Err, the "but this is a triviality" part is from a sentence I removed.
I am not experienced enough with WebKit layout tests to judge what impact removing the reserved space would have, and would like to defer to one of you guys for making that decision.
Comment 18 Tony Chang 2012-09-12 12:24:28 PDT
You should be able to use garden-o-matic to examine and rebaseline the chromium-android results.  I've used it in the past for rebaselining hundreds of pixel test changes (I think it took less than an hour).
Comment 19 Xianzhu Wang 2012-09-12 12:28:29 PDT
(In reply to comment #15)
> You should have DRT behave in as close to the same way as your actual browser does as possible.  Disabling overlay scrollbars seems like a huge mistake, you want to test what users are actually experiencing.

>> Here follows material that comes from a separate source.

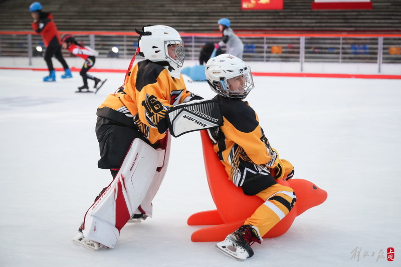 人们来到刚刚建好的东方明珠户外冰场,尝鲜体验冰上运动的魅力。

I think this is a trade-off and we can reduce the mistake by adding a few tests with an layout test API to enable overlay scrollbars. For the existing tests, most of them are not actually testing scrollbars, keeping them matching with existing baselines can reduce the cost of managing the new baselines.
Comment 20 Peter Beverloo 2012-09-24 04:21:54 PDT
Created attachment 165351 [details]
Patch
Comment 21 Sami Kyöstilä 2012-09-24 04:27:44 PDT
Comment on attachment 165351 [details]
Patch

View in context: https://bugs.webkit.org/attachment.cgi?id=165351&action=review

> Source/WebCore/ChangeLog:10
> +        bringing the tests closer to what we actually skip.

s/skip/ship/

> Source/WebCore/ChangeLog:13
> +        take and width on Android, they're rendered on top of the content. Therefore

s/and/any/
Comment 22 Peter Beverloo 2012-09-24 04:29:43 PDT
Created attachment 165354 [details]
Fix typos
Comment 23 Adam Barth 2012-09-24 11:22:01 PDT
Comment on attachment 165354 [details]
Fix typos

Removing calls to isRunningLayoutTest LGTM.
Comment 24 WebKit Review Bot 2012-09-24 11:42:03 PDT
Comment on attachment 165354 [details]
Fix typos

Clearing flags on attachment: 165354

Committed r129394: <http://trac.webkit.org/changeset/129394>
Comment 25 WebKit Review Bot 2012-09-24 11:42:07 PDT
All reviewed patches have been landed.  Closing bug.